Иногда — когда мать переходила все границы — ему хотелось убивать. Просто выйти на улицу и начать убивать. Силенок ему не хватало, смелости тоже, но желание от этого не проходило. Иногда хотелось схватить мать за шею — особенно когда она с всезнающим видом читала ему нотации — и давить, пока у неё глаза не вылезут из орбит. Пока она не прохрипит: «Прости, ты мой самый любимый… самый любимый просто так…»

Но это бывало крайне редко. Чаще Матвей был послушным, инфантильным, вяло тянущим свою лямку в школе и безмерно любящим мать сыном.

— Матвей, ау. Ты опять меня не слушаешь.

— Прости, мама. Я задумался. Прости.

Мать тяжело вздохнула, обвела комнату взглядом, словно призывая предметы мебели в безмолвные свидетели скудоумия сына, и сказала:

— Сегодня же напишу письмо. Ты ложись спать, а я пойду писать. Завтра отправишь почтой.

— Но… мама! Мне этого не надо!

— А кому это надо? — оскорбленно выпрямилась мать. — Мне?
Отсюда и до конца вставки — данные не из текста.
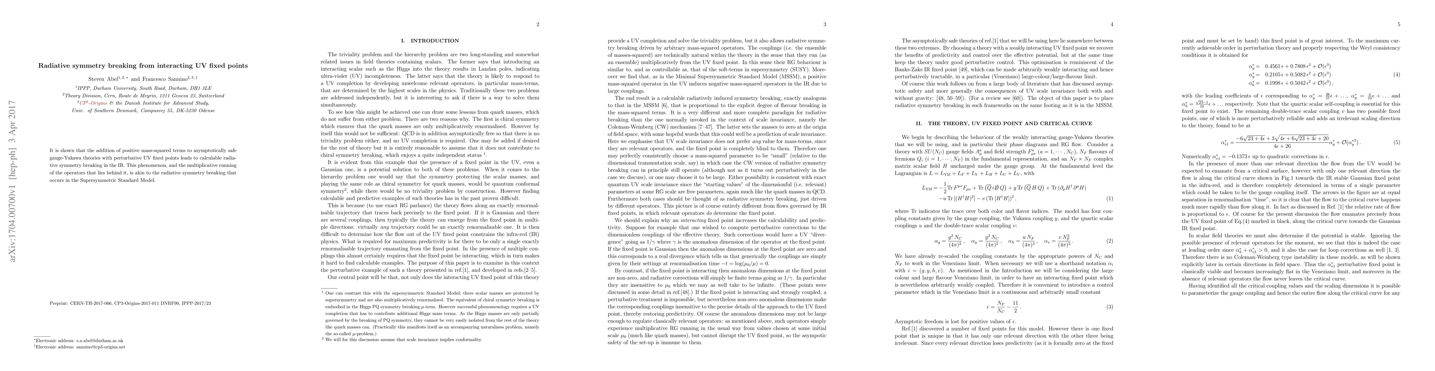 The paper demonstrates that adding positive mass-squared terms to asymptotically safe gauge-Yukawa theories with perturbative UV fixed points results in calculable radiative symmetry breaking in the IR. This process resembles radiative symmetry breaking in the Supersymmetric Standard Model.
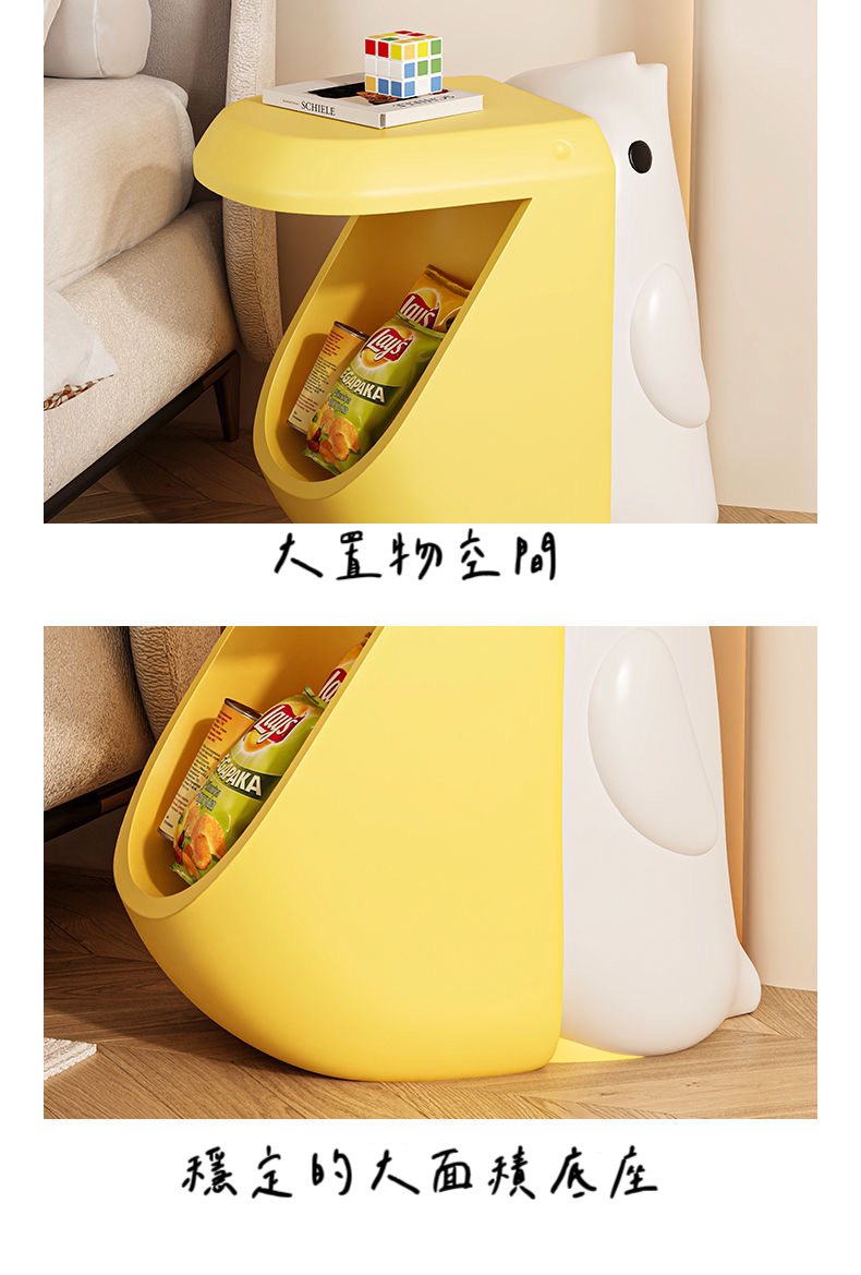 創意外觀設計:靈感來自鵜鶘的大嘴,既是邊桌又是儲物神器,造型俏皮又實用,為家中增添趣味與活力。
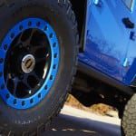 The Mopar Blue exterior is linked in appearance to the prototype eight-lug beadlock wheels by the Mopar Blue color on the beadlock ring. Wrangler Maximum Performance rides on 37-inch BFGoodrich Mud Terrain tires, with the sturdy hardtop covering full steel doors. The rear of the vehicle receives a prototype tire carrier and a 37-inch spare tire cover featuring the Jeep Performance Parts logo. Wrangler Maximum Performance also sports the five Moab “Badge of Honor” badges.
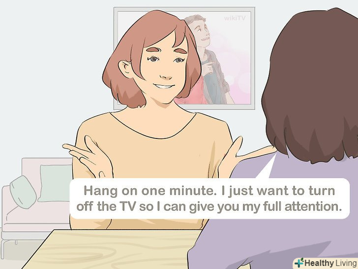 Концентруйте увагу на розмові і не відволікайтеся.насправді буде набагато простіше обмірковувати свої слова перед тим, як їх сказати, якщо ви не будете без кінця дивитися в свій телефон, в телевізор або комп'ютер. Відкладіть в сторону або вимкніть все, що відволікає вас від співрозмовника, постарайтеся сконцентрувати всю свою увагу на людині, з яким розмовляєте.[12]- Цілком нормально зробити невелику паузу, щоб просто прибрати всі відволікаючі речі в сторону. Можна сказати що-небудь таке: "слухай, почекай-но хвилинку. Хочу вимкнути телевізор, щоб уважно тебе вислухати».
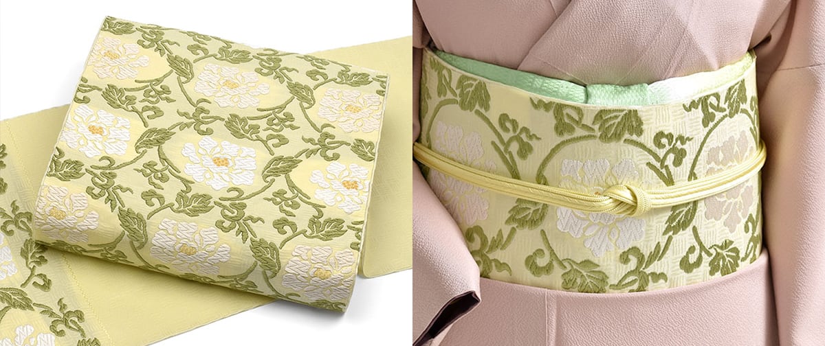 ※お電話でのご注文も大歓迎です! お気軽にお問い合わせくださいね ⇒ 0120-644-293(フリーダイヤル) ------------------------- 【商品について】 ・名古屋帯・お太鼓柄模様・素材:絹 ・サイズ:幅 約 31cm 長さ 約370cm 【合わせるお着物】付け下げ・無地・小紋・御召 【場面】 セミフォーマル~カジュアル 【季節】 春・秋・冬 【商品番号】 22119 さぁーー唐織のお話を 暑苦しく?しましょ~ 西陣織 唐織 名門 別注織 河合美術織物 名品牡丹唐花つなぎ文 九寸 名古屋帯 ご紹介! 帯地の黄色、絶妙な色トーンに 一目惚れして♪仕入れました! 春に抜群に合う♪色トーンでしょ~♪ 京都の西陣には 西陣織の高級帯だけを扱う問屋さんが 一軒あり、その問屋さんしか 卸さない帯がコチラのクラスの 河合美術織物さんの唐織 名古屋帯! なぜそこまで貴重かといいますと、 通常、唐織の帯の多くが袋帯なのですが こちらは名古屋帯であり 袋帯の機で、名古屋帯を織ることはできず わざわざこの唐織の帯だけの機を作り 織り上げた帯だからこそ 世の中に全く出回らない帯となり 手間暇がとてもかかる本唐織の帯は 織り上がる数量が極端に少なく 出来上がっても、関東のごく一部の 高級呉服店にしか並ばない、、 一目見た時から惚れ込み♪ 河合美術織物さんに仕入れられるよう お願いしていたのですが、 「この帯はちょっと卸先が決まっていて ダメなのよね~・・・」 と、断られ続けていたのですが お願いし、お願い続け 根負けして頂け、、 1年越しにやっと!仕入れてこられた これぞ!本物の唐織! 名古屋帯であっても、袋帯の格を持つ帯! 袋帯で西陣一の唐織を織り上げる事で有名な 〇木さんの唐織が、そのまま名古屋帯に なったかのような質の高さ! おびや店長鈴木が保証させて頂きます! 〇木さんの唐織に 全然!負けてない! そして、一つ注目して頂きたいのが 垂下の柄であり! 締めるた時に垂下にも柄が見えることで 帯全体の華やかさが増しますので コチラの帯に関しては 垂下柄ありが大正解♪ 帯地のお話・・・ 唐織は太い糸を使用しますので 帯地は薄い生地でないと 太い糸を正常に織る事ができず、、 その為、本物の唐織の帯地には 生糸(きいと)を使用するのですが 生糸とは蚕の繭から最初の方にでる 極細い糸で、全体の約10%しか採取できず 精錬される前の糸のまま使用され 糸自体は細いのですが とても丈夫で、唐織の帯地として 最適なのです! ちなみに、、本当に質の良い 唐織の帯かどうか?は 帯地を触り、薄く少しザラついた質感であれば 生糸の帯地であり、本物の唐織の 可能性が高いです! ただ、、高級な呉服屋さんで 「あら、帯地はしっかりと生糸の帯地ね!」 とか言った瞬間! うわー!かなりのお着物通の人! と呉服屋さんに思われ 高い呉服を勧められるので要注意!! ですが、この帯を締めらると、、 帯が勝手に語りだし・・ お着物通に見られますよー♪ 西陣織 唐織の名古屋帯としては おびや史上最高級!と宣言させて頂きます!
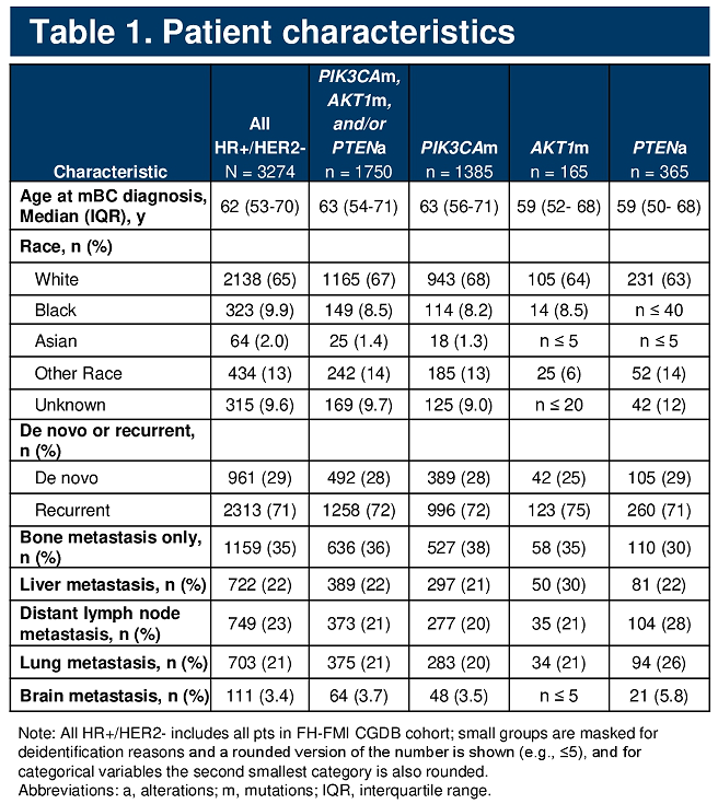 美国HR+/HER2-转移性乳腺癌患者PIK3CA、AKT1、PTEN变异检测模式和变异率丨2024 ASCO

Незнакомому дяде? Кому? Матвей, ты сам не знаешь, что для тебя будет лучше, зато это знаю я. Для этого и существуют матери. Наш, материнский, долг — воспитать правильного сына, за которого не будет стыдно. Который послушен и уважителен. И уважаем, разумеется. Матвей, я верю в тебя. Ты способен на большее. Поэтому письмо — не обсуждается.

— Но у меня есть работа. Я не собираюсь переезжать ни в какую столицу, пойми.

— Ну, разумеется, собираешься. И я поеду с тобой — мне давно осточертел этот городок. Работу поменяю, опять же. Все какое-то разнообразие.